Share some valuable content every month.
Formerly titled STAR Monthly @ 23.06. S for random Skill, T for video/audio Talk, A for Article, R for Review.
Considering the randomness of the shared content, it was difficult to match with specific themes, so the title was modified now.

Skill

Both Apple and Google provide built-in ways to view 3D models in AR on a mobile device. And using these methods is much easier than I thought before.

For example, for iPhone users, it only takes two steps:

  1. Obtain a USDZ file. It can be converted from your own .obj model (recommended to use the Vectary tool, better than RealityConverter from Apple), or just download some ready-made ones here to play with.
  2. use Reality Composer on the iPhone to add the USDZ object to a horizontal or vertical surface, or even anchor it to an image.
fancy AR demos

Update from future: I have found a more user-friendly platform, AR Code, which is suitable for finding some demos to try out.

Motivation: 如何用 AR 假装拿到了 iPhone 12, 先看 AR:把真实的产品放在你面前

Talk

Making Robots Smarter in both Body and Mind (ICRA 2023) from Marc Raibert (Chinese subtitle version)

The history of the legendary company Boston Dynamics and its ambition to “create the Bell Labs of Robotics”.

商业就是这样: Vol.113 “新一线”十年,中国城市大改变

Some stories about the development and changes of cities in China over the past decade.

Article

An Opinionated Guide to ML Research from John Schulman, OpenAI

  1. Read a lot of papers, and assess them critically.

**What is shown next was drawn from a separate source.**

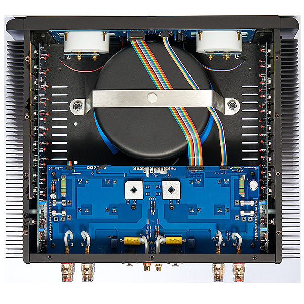 Информация взята с сайта avcomfort.ru В усилители используются высококачественные тороидальные трансформаторы 3000 ВА с независимыми выпрямителями и общей емкостью около 80 000 мкФ с очень низкими значениями ESR и индуктивности. Токовый каскад способен производить токи, превышающие в пике 100 ампер, с такой степенью линейности и скорости, на которую не способны другие усилители, производящие лишь часть этого тока. При такой линейности и пропускной способности не используется общая коррекция обратной связи...

If possible, discuss them with others who have a deeper knowledge of the subject.
  2. Work in a research group with other people working on similar topics. That way you can absorb their experiences as well as your own.
  3. Seek advice from experienced researchers on what to work on. There’s no shame in working on ideas suggested by other people. Ideas are cheap, and there are lots of them in the air. Your skill comes in when you decide which one to work on, and how well you execute on it.

If you are working on incremental ideas, be aware that their usefulness depends on their complexity. A method that slightly improves on the baseline better be very simple, otherwise no one will bother using it—not even you. If it gives a 10% improvement, it better be 2 lines of code, whereas if it’s a 50% improvement, it can add 10 lines of code, etc. (I’m just giving these numbers for illustration, the actual numbers will obviously depend on the domain.)

One strategy, which I haven’t tried personally but makes a lot of sense upon reflection, is to devote some fixed time budget to trying out new ideas that diverge from your main line of work. Say, spend one day per week on something totally different from your main project. This would constitute a kind of epsilon-greedy exploration, and it would also help to broaden your knowledge.

Go forth and do great research!

Review

Using large models for high-level planning in the field of robotics is quite impressive, and it seems to be an irreversible trend.